Teaching “The Odyssey” at San Quentin - holychiz
http://www.salon.com/2013/12/21/teaching_the_odyssey_at_san_quentin/
======
arethuza
My father, who was not highly educated, spent a lot of time in the Arctic
during WW2 in the company of an Oxbridge classicist and managed to pick up a
_lot_ of Homer, even though by his own account he never tried to learn it - it
just "stuck".

What I take from that is that although Homer has a reputation these days for
being a bit esoteric these stories, some of the oldest we have, are capable of
very wide appeal.

As an aside - what I personally find most interesting is the potential
historicity of Homer, probably through the combination of my father's love of
Homer and watching Michael Wood's "In Search of the Trojan War" at an
impressionable age...

------
grey-area
A great read about the possibility of finding redemption in literature; I wish
we saw more stuff with this depth on HN.

 _The opening of “The Odyssey” describes Odysseus as polytropos, a man “much
turned” and “much turning.” He makes much happen, and much happens to him.
When I selected “The Odyssey” as the first text for my English 101 course at
San Quentin Prison, I worried about the choice. It’s a difficult work for
readers of limited literary background, and I wondered how a population of
mostly black and brown men doing long prison terms would relate to the story
of an ancient Greek king. As it turned out, I had them at polytropos._

------
VLM
I liked it as an example of the positive effect of pure education without a
vocational component. Too much emphasis is placed on vocational training for
vocational reasons. Education improves your entire life, training merely
improves your job performance. Or education makes life worth living, where
training merely makes it easier to earn money.

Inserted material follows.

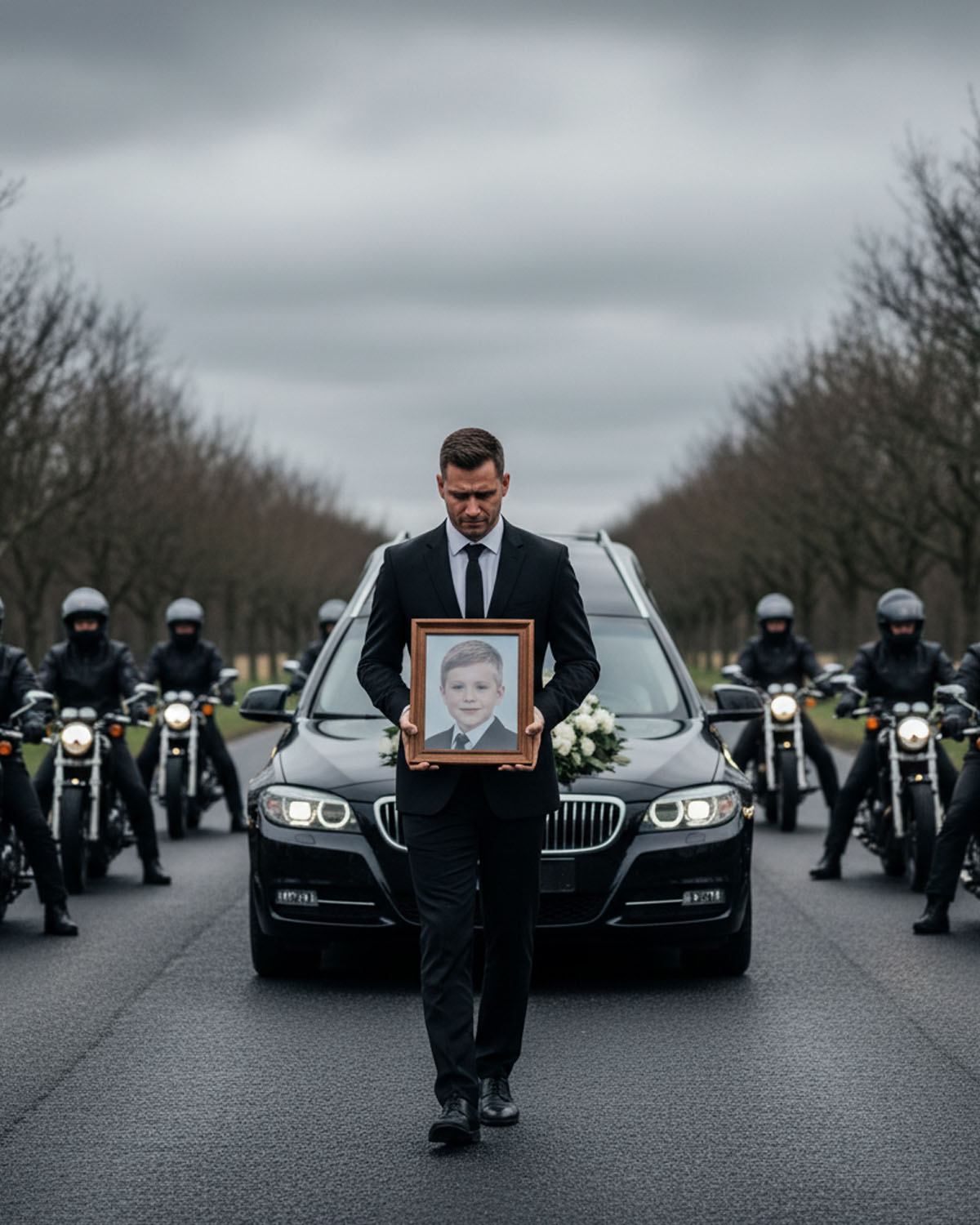 Da kisten ble senket, startet motorene i en lav, rytmisk puls—ikke som et rop, men som et løfte. En etter en la motorsyklistene hånden på hjertet. Noen gjorde korsets tegn. Noen sto bare stille, med øynene lukket.

There was a bit of journalistic make believe in the story. Anyone who's
actually read great human literature would not remotely be surprised that all
humans like it, especially hard core types like people who teach the subject,
so the first line or so about pretending to be surprised black and brown
people would like human literature is just ridiculous journalism.

(edited to add: It was an interesting article, worth the time to read, and
shows linkbait doesn't have to be as icky and stereotypical as the worst
linkbait out there. If you must have advertising supported content, let it be
this good.)

------
ajtulloch
In 2002, This American Life did a show on a Hamlet performance in prison -
available at [1]. It's compelling radio, and I'd highly recommend it.

"Shakespeare may seem like an odd match for a group of hardened criminals, but
Jack found that they understand the Bard on a level that most of us might not.
It's a play about murder and its consequences, performed by murderers, living
out the consequences."

[1]: [http://www.thisamericanlife.org/radio-
archives/episode/218/a...](http://www.thisamericanlife.org/radio-
archives/episode/218/act-v)

------
jackfoxy
I recall having drinks in 1990 with a 30 year-old Ivy League grad in
Manhattan, an up-and-coming type, somewhere in the intersection of Wall Street
and politics, can't remember exactly what he did. He was adamant about cutting
off the western cultural canon in education and repeatedly used Homer as an
example of its irrelevance. His theme was we should be teaching young people
about other cultures because the world will be ever more connected, there are
more people from non-western cultures in the world, blah, blah, blah. He was
real up front about this being social engineering. My Ivy League companion who
had introduced us thought I was a real jerk for arguing with him. History has
shown high culture surviving the most determined political onslaughts because
it has intrinsic value.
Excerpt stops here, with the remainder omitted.